▶ Data section

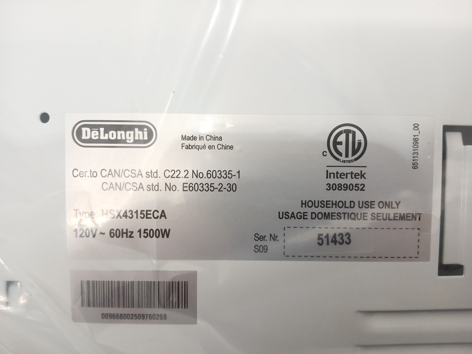 DELONGHI HSX SLIM STYLE DIGITAL CONVECTION WALL/FLOOR PANEL SPACE HEATER - 1500W - WHITE - (MODEL: HSX4315Eca)
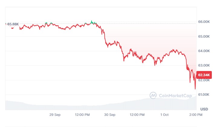 El precio de bitcoin (BTC) fluctúa cerca de los 61.900 dólares. Tan solo hace 24 horas, la moneda digital se cotizaba por 64.000 dólares. El descenso está directamente vinculado a la escalada del conflicto bélico que se está produciendo en Medio Oriente y que tiene como protagonistas a la organización Hezbolá, Israel, el Líbano e Irán, entre otras naciones y grupos armados.
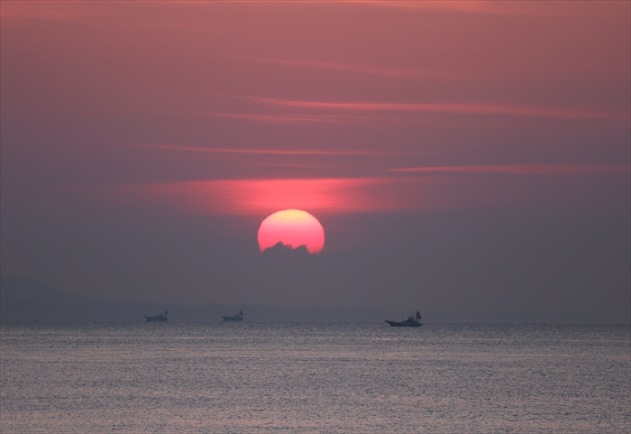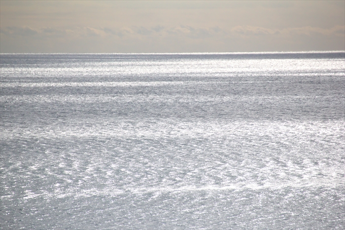 自宅・ベランダからの光景です。珍しい海の表情でした。
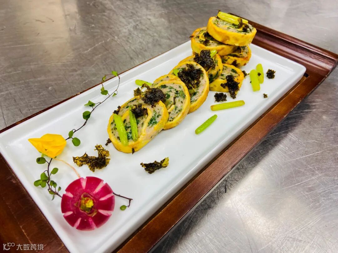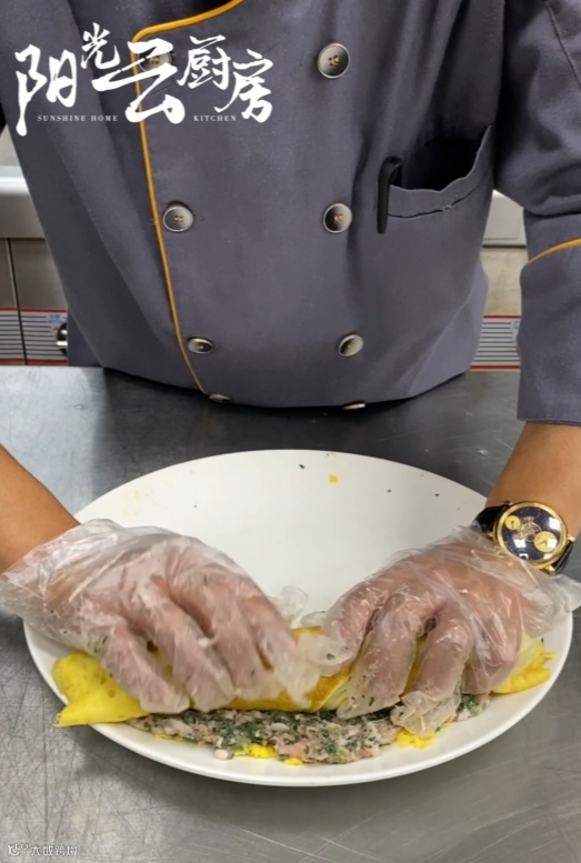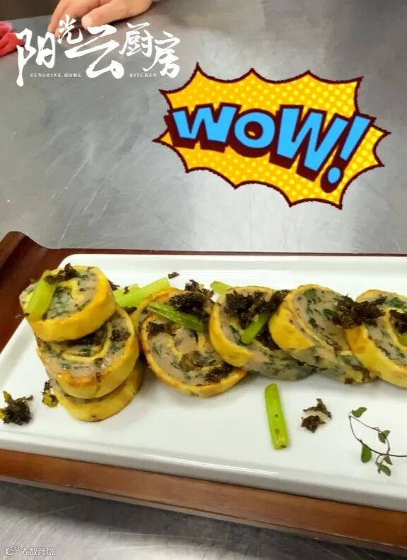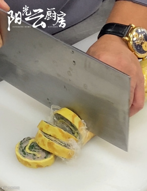 把拌入艾叶的肉胶平铺在鸡蛋皮上,卷成一卷,放入蒸笼蒸6分钟后取出,放凉后切片待用

▶ Work to complete
Line by line and exactly, write out the material above. Skip the pictures.

▶ Output
 DELONGHI HSX SLIM STYLE DIGITAL CONVECTION WALL/FLOOR PANEL SPACE HEATER - 1500W - WHITE - (MODEL: HSX4315Eca)
 El precio de bitcoin (BTC) fluctúa cerca de los 61.900 dólares. Tan solo hace 24 horas, la moneda digital se cotizaba por 64.000 dólares. El descenso está directamente vinculado a la escalada del conflicto bélico que se está produciendo en Medio Oriente y que tiene como protagonistas a la organización Hezbolá, Israel, el Líbano e Irán, entre otras naciones y grupos armados.
 自宅・ベランダからの光景です。珍しい海の表情でした。
 把拌入艾叶的肉胶平铺在鸡蛋皮上,卷成一卷,放入蒸笼蒸6分钟后取出,放凉后切片待用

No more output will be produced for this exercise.